We got more kale in this week's vegetable box--curly kale. Also some nice parsley. I think I will whip up some pesto and freeze it in cubes for later quick work-night pasta meals. Taylor could even use it in his Top Ramen and elevate those noodles to a new level. Hah! I am trying to teach him that he can make better food at home for pennies on the dollar rather than picking up fast food, and with the same levels of sodium. (That's a sick joke!) I think I like the kale pesto better than a basil pesto, because its not so spicy hot! You can use all sorts of dark greens for pesto: arugula, spinach, basil, kale. (oh, yeah, just did that!) Giada makes a green pea pesto, also, which seems like a good idea.

The recipe pictured here just calls for the Parmesan to be sprinkled on top, but I like to blend it into my pesto because I like the cheesy, salty, pasty properties it brings to pesto.

Here is what I did:

KALE PESTO

2 cups chopped kale (about 6 leaves)
2 cloves garlic
1/2 tsp sea salt
1/2 cup coarsely chopped nuts (almonds, walnuts, pine nuts)
1-2 Tbs lemon juice
5-6 fresh basil leaves
1/2 cup grated Parmesan cheese
1/4 cup olive oil

Put everything into a blender except for the cheese and olive oil. Blend until everything is chopped and resembles a paste. Add in the Parmesan cheese, then drizzle the olive oil in through the top of the blender lid until the desired consistency is reached. Use immediately, or spoon into ice cubes trays and freezer for later use.


LEMON CHICKEN PRESTO PASTA

2 chicken breasts, cubed into bite-sized pieces
olive oil
garlic, salt, pepper blend
lemon juice
water
pesto
16 oz pasta noodles, any type
salt

Bring a pasta pot of water to a boil. Add about a teaspoon of salt to the boiling water and then add the pasta. Cook until al dente. Drain, reserving about a coffee cup full of pasta water. Put drained pasta back into the pasta pot.

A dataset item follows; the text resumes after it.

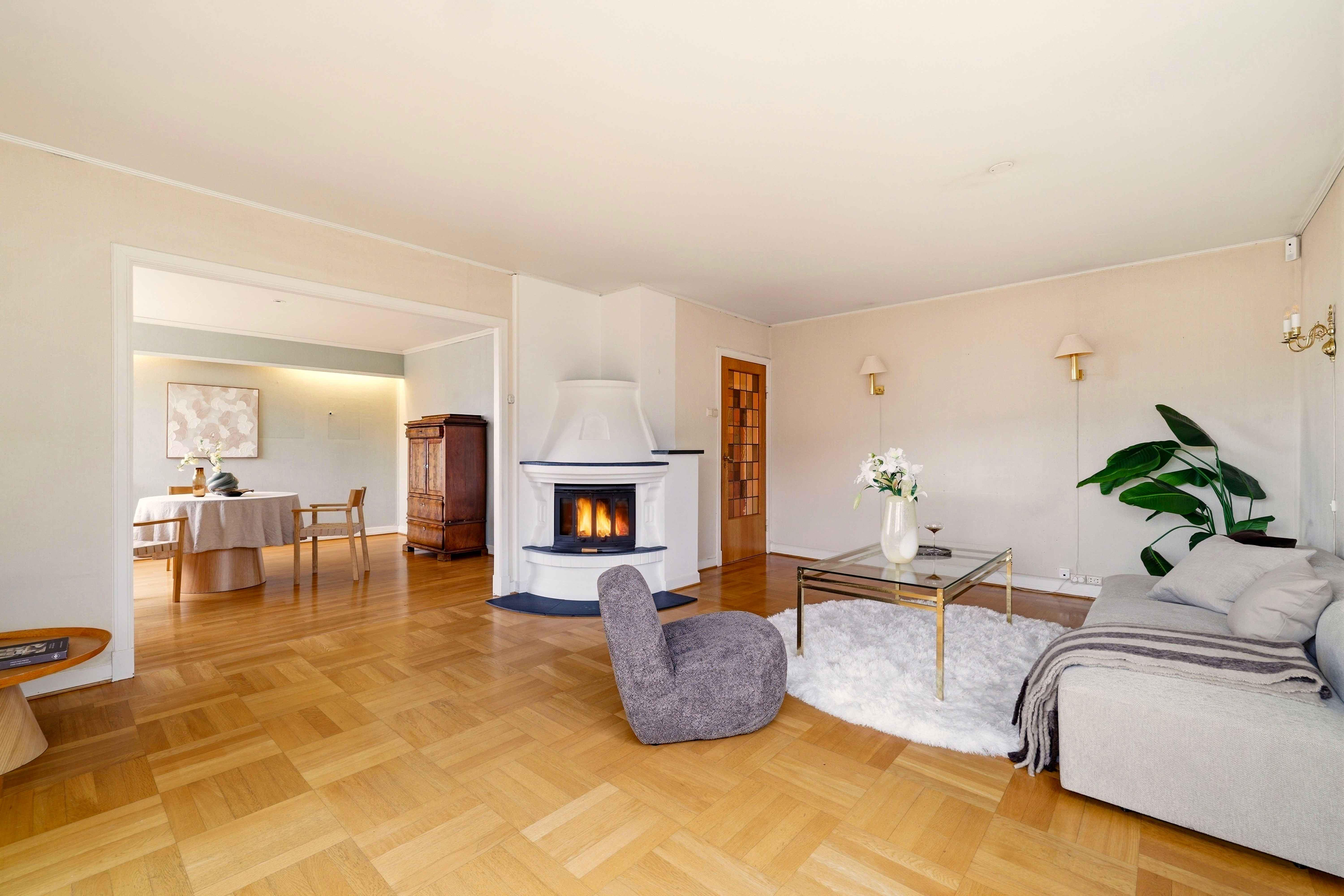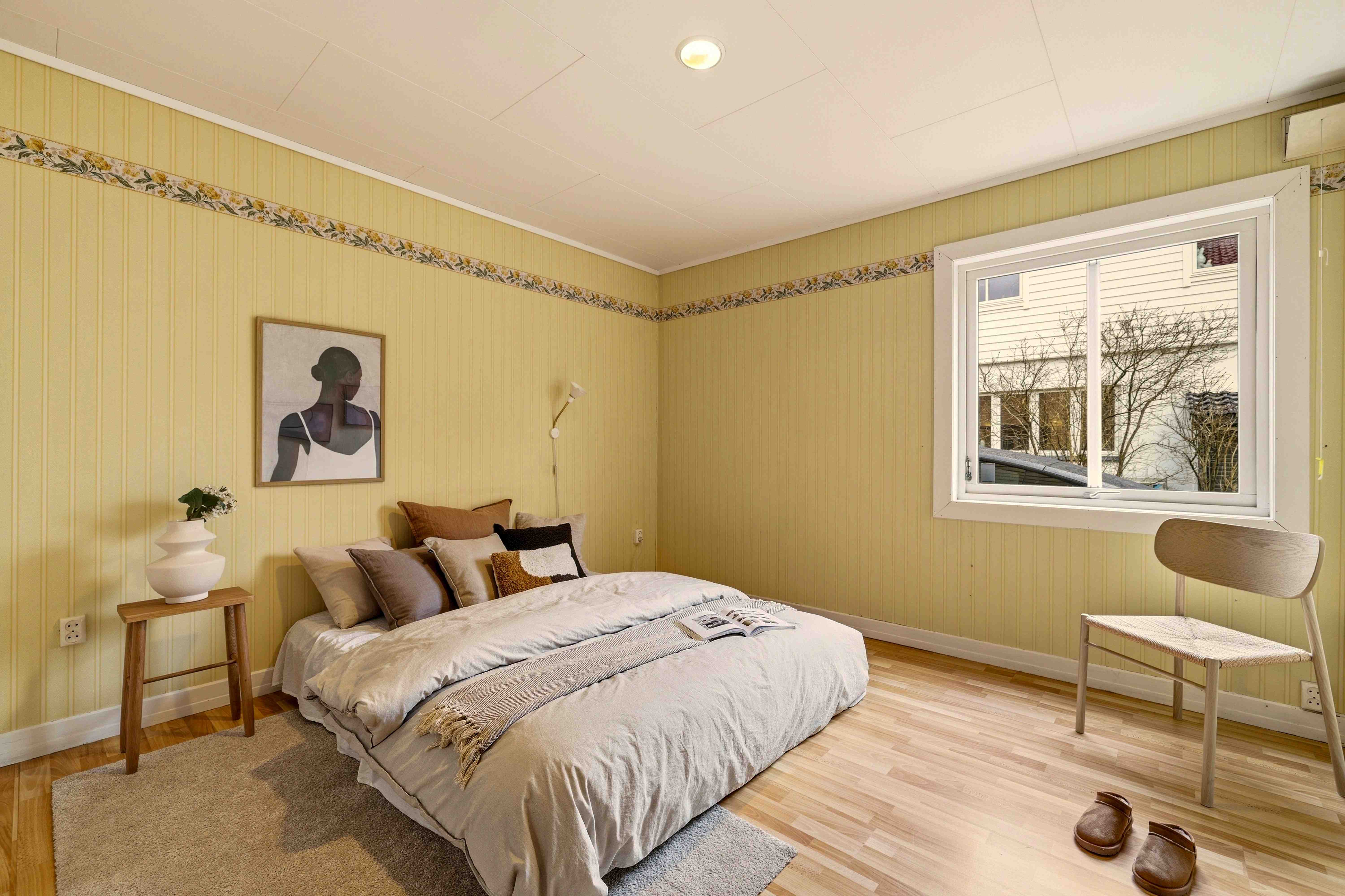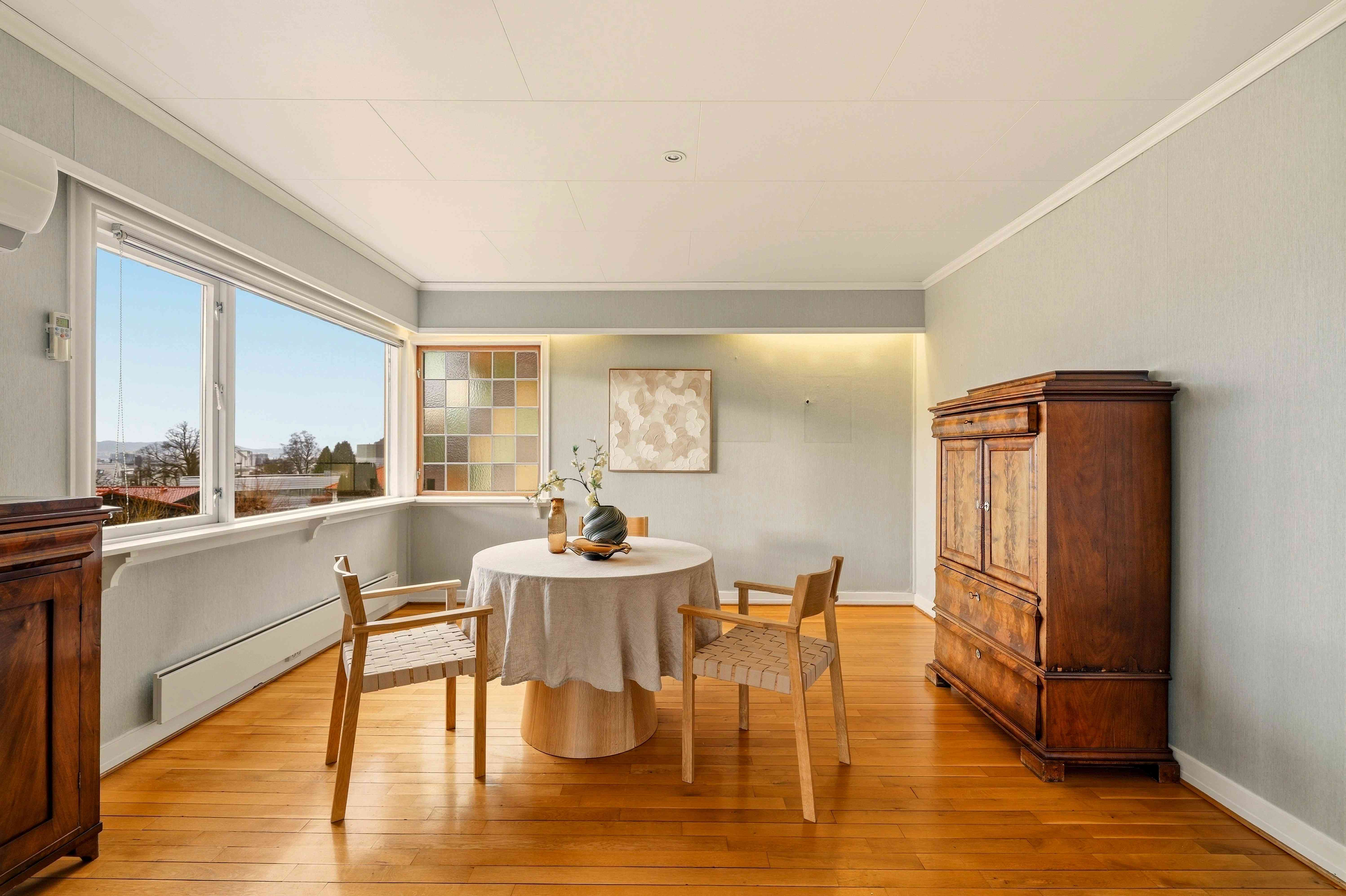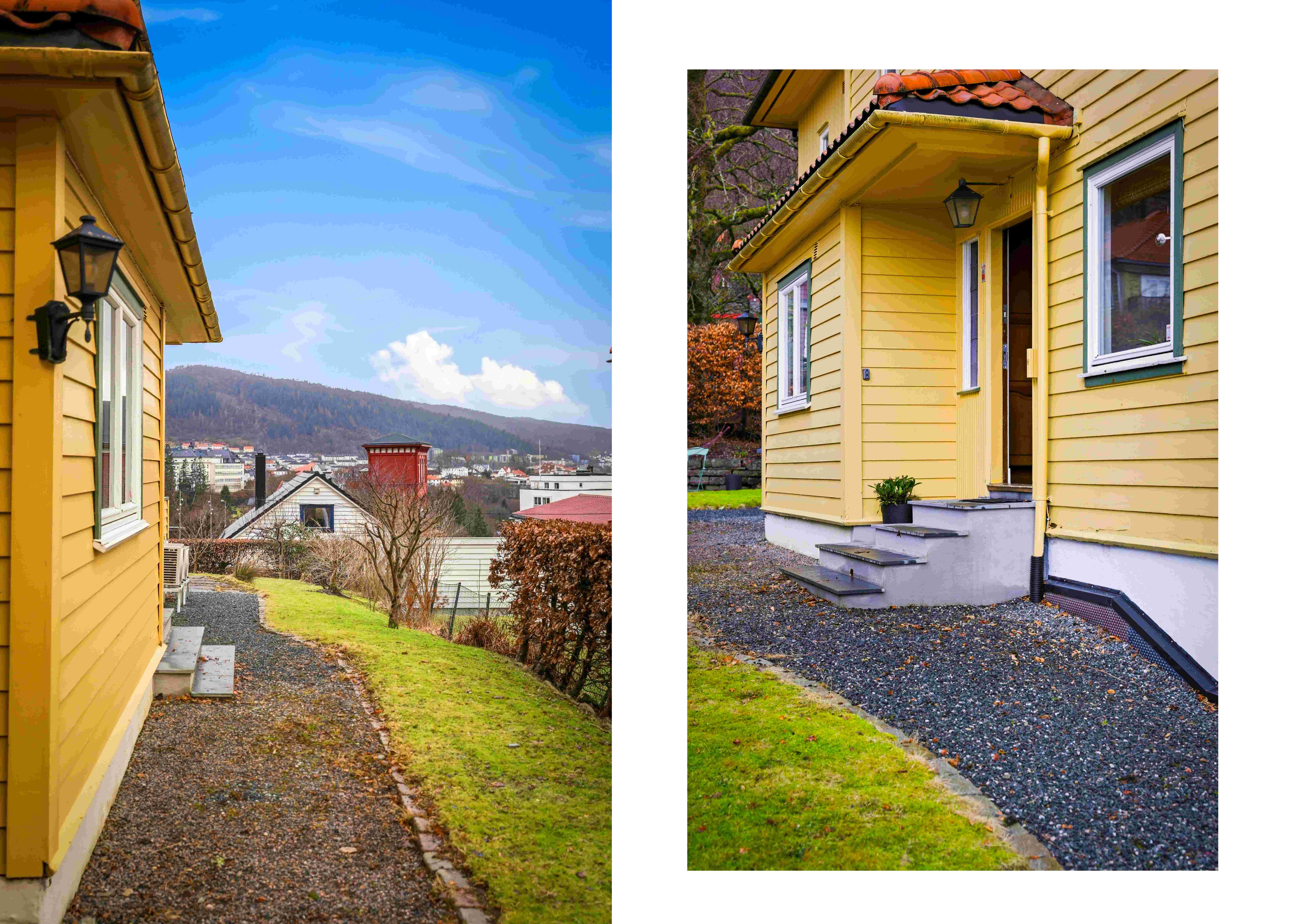 Denne boligen utgjør husets 1. etasje og fremstår i praksis som en romslig og lettstelt leilighet, med alle de fordelene en bolig på ett plan gir. Boligen har et privat og skjermet inngangsparti på baksiden av huset, som gir en rolig og tilbaketrukket adkomst.

Coat a saute pan with two twirls of olive oil. Saute the chicken until cooked through. Season with garlic salt pepper blend and a couple of teaspoons of lemon juice. Add a cup of pasta water and let the chicken simmer for about 20 minutes. Stir in 1/2 cup of pesto. Pour this mixture over the pasta in the pasta pot and stir until all the pasta is coated. Dish up in pasta bowls and sprinkle with more Parmesan cheese.

BUTTERED FRENCH BREAD

1 loaf French bread, cut in half length-wise
Butter
minced fresh garlic or a garlic powder or garlic salt

Cut the bread in half, spread with softened butter. Sprinkle with garlic or seasonings. My daughter had a TJs grinder with sea salt, garlic, pepper and parsely that smelled great. Some minced parsley is nice, too.
If you are playing is safe, heat in a 350 degree oven until the butter is soaked in. If you are being adventurous, toast under the broiler for a few minutes until the bread is lightly browned. Don't have a glass of wine and get to talking like I did last night, or the bread will be burned to a crisp and smell up the house and set off the smoke alarm and wake the baby. But this does cut down on carbs. Just sayin'!